-- SUPPLIED DATA follows --
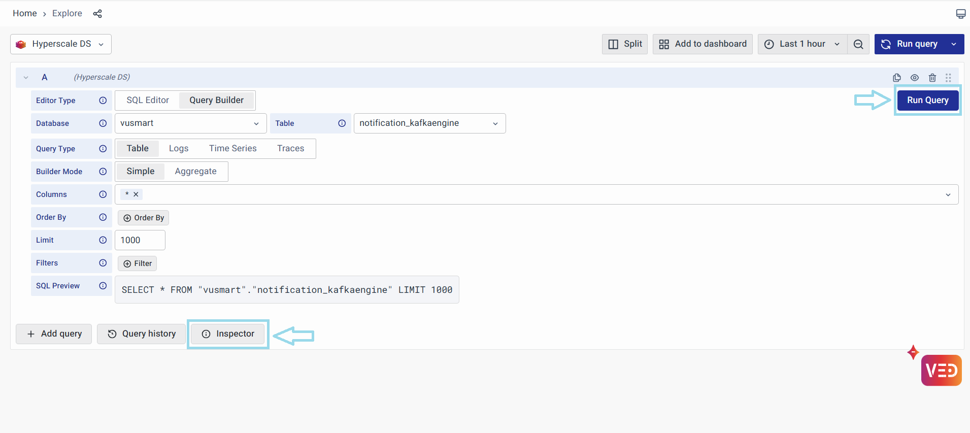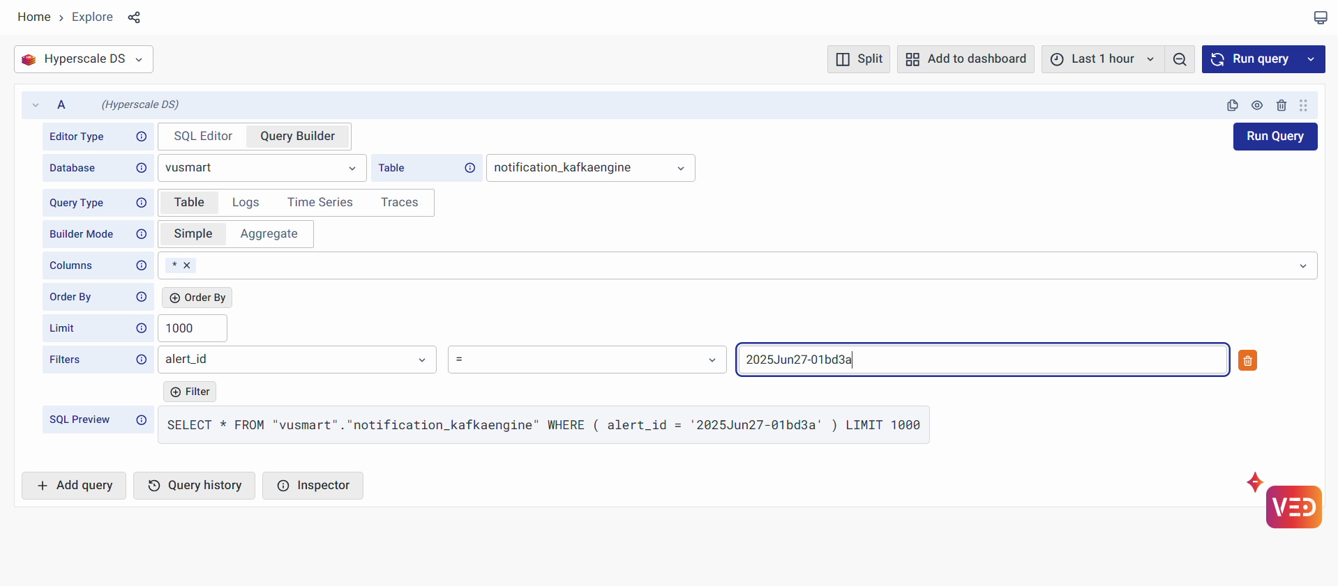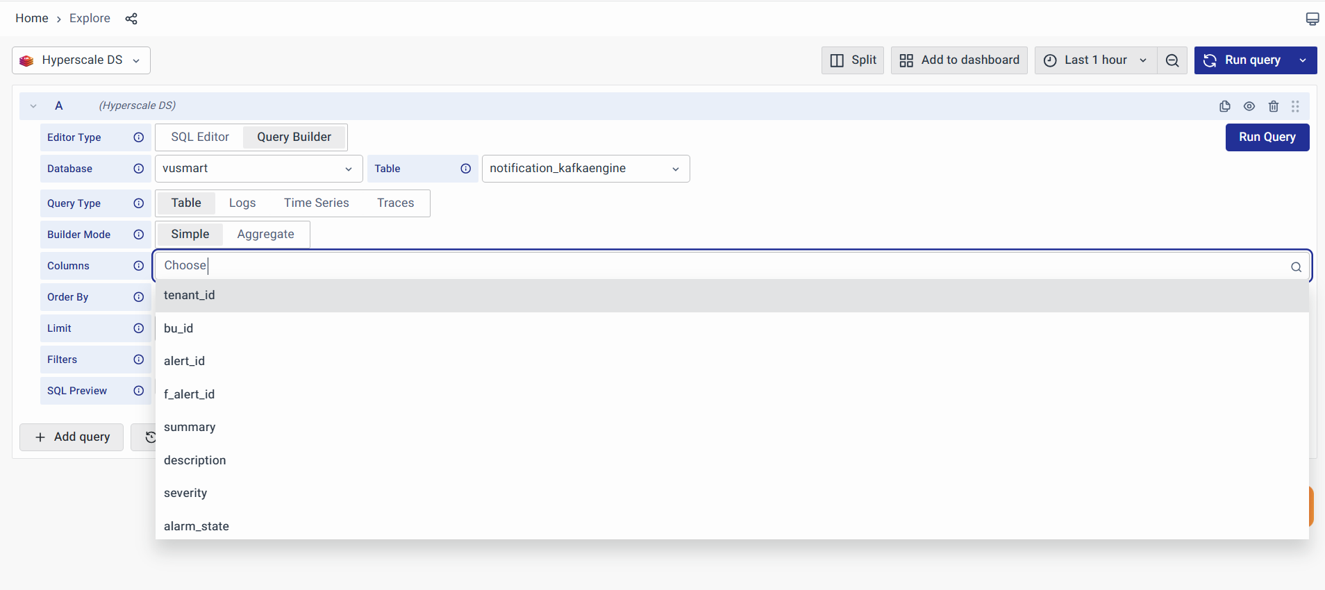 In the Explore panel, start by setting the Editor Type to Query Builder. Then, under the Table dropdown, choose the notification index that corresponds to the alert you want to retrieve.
-- SUPPLIED DATA concluded --
-- SUPPLIED DATA follows --
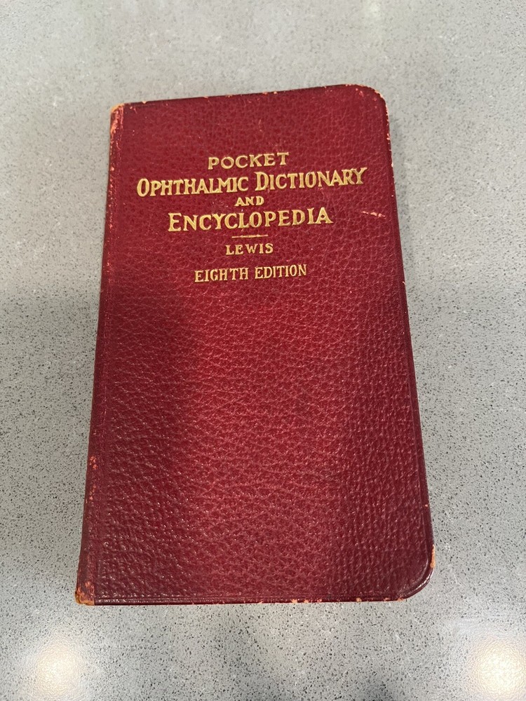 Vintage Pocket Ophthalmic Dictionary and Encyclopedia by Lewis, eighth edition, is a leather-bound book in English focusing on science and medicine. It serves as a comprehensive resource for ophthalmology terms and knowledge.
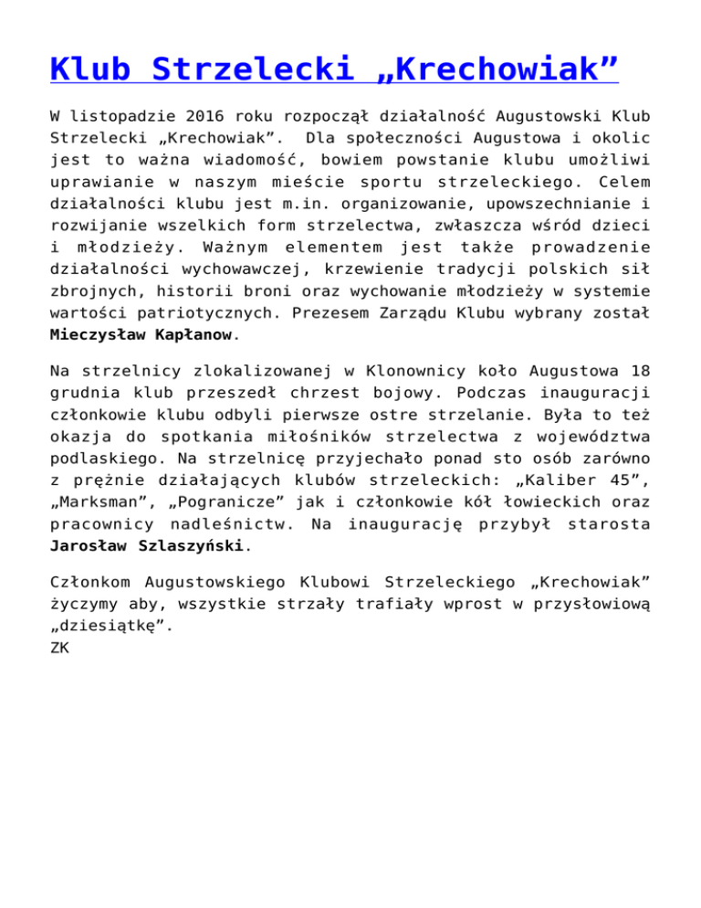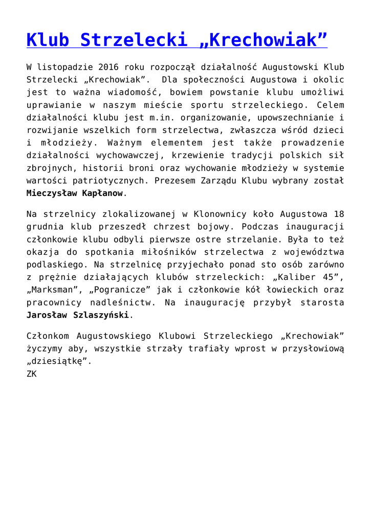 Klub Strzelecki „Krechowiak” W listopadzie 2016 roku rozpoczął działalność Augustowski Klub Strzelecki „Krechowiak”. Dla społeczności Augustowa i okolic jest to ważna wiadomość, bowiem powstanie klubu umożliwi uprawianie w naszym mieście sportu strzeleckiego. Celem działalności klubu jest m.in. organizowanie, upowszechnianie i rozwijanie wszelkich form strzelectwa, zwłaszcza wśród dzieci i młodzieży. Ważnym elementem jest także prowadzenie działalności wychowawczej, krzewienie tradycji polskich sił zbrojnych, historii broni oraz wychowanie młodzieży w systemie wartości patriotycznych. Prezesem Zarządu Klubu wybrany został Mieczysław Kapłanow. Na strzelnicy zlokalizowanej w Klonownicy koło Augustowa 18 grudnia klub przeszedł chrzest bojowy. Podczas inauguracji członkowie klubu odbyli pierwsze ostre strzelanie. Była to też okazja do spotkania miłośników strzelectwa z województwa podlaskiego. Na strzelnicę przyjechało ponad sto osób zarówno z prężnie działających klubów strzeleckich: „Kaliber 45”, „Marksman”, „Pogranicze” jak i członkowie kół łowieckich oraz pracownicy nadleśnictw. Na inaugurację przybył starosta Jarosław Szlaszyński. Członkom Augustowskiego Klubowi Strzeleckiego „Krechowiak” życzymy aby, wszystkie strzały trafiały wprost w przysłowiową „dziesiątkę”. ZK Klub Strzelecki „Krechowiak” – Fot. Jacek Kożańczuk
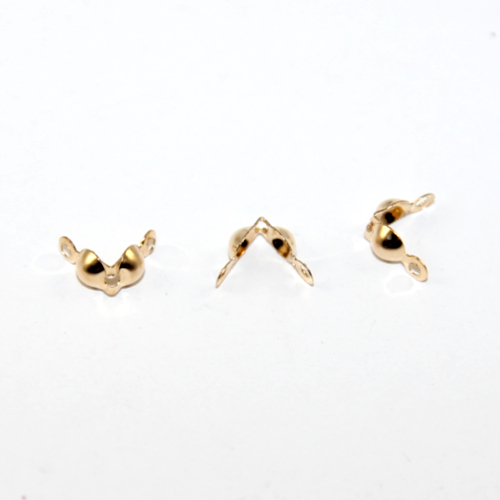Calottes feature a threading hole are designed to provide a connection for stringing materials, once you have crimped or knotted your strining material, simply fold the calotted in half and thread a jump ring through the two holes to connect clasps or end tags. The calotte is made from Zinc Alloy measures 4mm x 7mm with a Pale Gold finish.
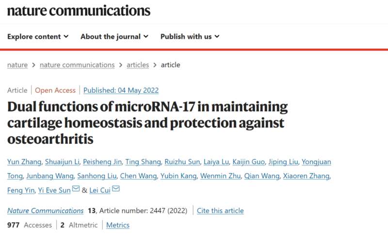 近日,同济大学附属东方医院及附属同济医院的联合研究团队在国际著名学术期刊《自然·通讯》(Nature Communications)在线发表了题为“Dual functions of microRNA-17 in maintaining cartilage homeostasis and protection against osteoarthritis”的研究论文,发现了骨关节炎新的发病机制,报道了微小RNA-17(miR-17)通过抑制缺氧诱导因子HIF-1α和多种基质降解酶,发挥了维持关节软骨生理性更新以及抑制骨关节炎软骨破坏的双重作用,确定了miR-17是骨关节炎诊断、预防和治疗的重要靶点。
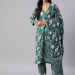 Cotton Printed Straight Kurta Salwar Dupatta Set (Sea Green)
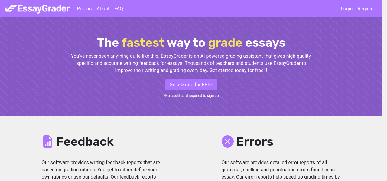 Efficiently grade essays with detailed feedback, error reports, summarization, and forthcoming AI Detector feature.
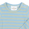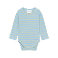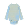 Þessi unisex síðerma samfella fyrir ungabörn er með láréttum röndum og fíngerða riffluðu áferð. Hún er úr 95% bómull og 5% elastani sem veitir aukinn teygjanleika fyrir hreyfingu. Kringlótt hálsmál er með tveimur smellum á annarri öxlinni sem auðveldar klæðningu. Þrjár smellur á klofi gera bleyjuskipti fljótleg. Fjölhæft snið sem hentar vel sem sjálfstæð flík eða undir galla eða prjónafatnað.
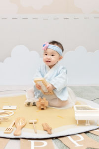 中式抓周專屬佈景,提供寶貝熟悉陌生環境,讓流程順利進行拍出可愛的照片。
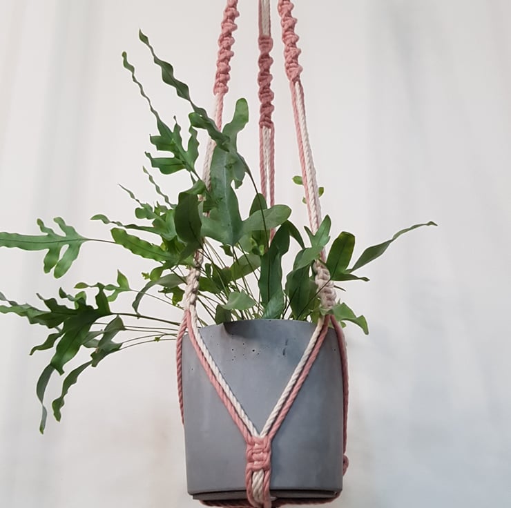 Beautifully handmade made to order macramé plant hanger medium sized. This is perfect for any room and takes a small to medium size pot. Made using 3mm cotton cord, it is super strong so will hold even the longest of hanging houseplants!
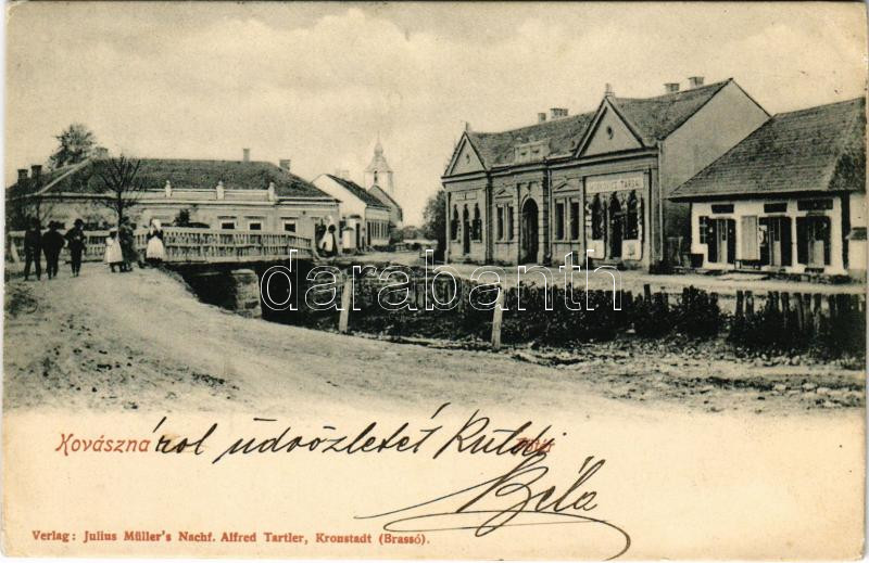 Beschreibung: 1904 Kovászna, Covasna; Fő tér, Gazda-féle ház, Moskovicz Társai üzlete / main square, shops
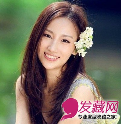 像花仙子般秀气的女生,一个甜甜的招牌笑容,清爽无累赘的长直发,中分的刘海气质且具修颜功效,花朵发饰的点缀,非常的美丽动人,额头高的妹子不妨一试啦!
-- SUPPLIED DATA concluded --
→ **WORK REQUIRED**
Copy exactly the material above from the line with "Calottes feature a" to the line with "像花仙子般秀气的女生,一个甜", ends included, and nothing else. Leave out any picture.

→ **WRITTEN RESPONSE**
Calottes feature a threading hole are designed to provide a connection for stringing materials, once you have crimped or knotted your strining material, simply fold the calotted in half and thread a jump ring through the two holes to connect clasps or end tags. The calotte is made from Zinc Alloy measures 4mm x 7mm with a Pale Gold finish.
 近日,同济大学附属东方医院及附属同济医院的联合研究团队在国际著名学术期刊《自然·通讯》(Nature Communications)在线发表了题为“Dual functions of microRNA-17 in maintaining cartilage homeostasis and protection against osteoarthritis”的研究论文,发现了骨关节炎新的发病机制,报道了微小RNA-17(miR-17)通过抑制缺氧诱导因子HIF-1α和多种基质降解酶,发挥了维持关节软骨生理性更新以及抑制骨关节炎软骨破坏的双重作用,确定了miR-17是骨关节炎诊断、预防和治疗的重要靶点。
 Cotton Printed Straight Kurta Salwar Dupatta Set (Sea Green)
 Efficiently grade essays with detailed feedback, error reports, summarization, and forthcoming AI Detector feature.
 Þessi unisex síðerma samfella fyrir ungabörn er með láréttum röndum og fíngerða riffluðu áferð. Hún er úr 95% bómull og 5% elastani sem veitir aukinn teygjanleika fyrir hreyfingu. Kringlótt hálsmál er með tveimur smellum á annarri öxlinni sem auðveldar klæðningu. Þrjár smellur á klofi gera bleyjuskipti fljótleg. Fjölhæft snið sem hentar vel sem sjálfstæð flík eða undir galla eða prjónafatnað.
 中式抓周專屬佈景,提供寶貝熟悉陌生環境,讓流程順利進行拍出可愛的照片。
 Beautifully handmade made to order macramé plant hanger medium sized. This is perfect for any room and takes a small to medium size pot. Made using 3mm cotton cord, it is super strong so will hold even the longest of hanging houseplants!
 Beschreibung: 1904 Kovászna, Covasna; Fő tér, Gazda-féle ház, Moskovicz Társai üzlete / main square, shops
 像花仙子般秀气的女生,一个甜甜的招牌笑容,清爽无累赘的长直发,中分的刘海气质且具修颜功效,花朵发饰的点缀,非常的美丽动人,额头高的妹子不妨一试啦!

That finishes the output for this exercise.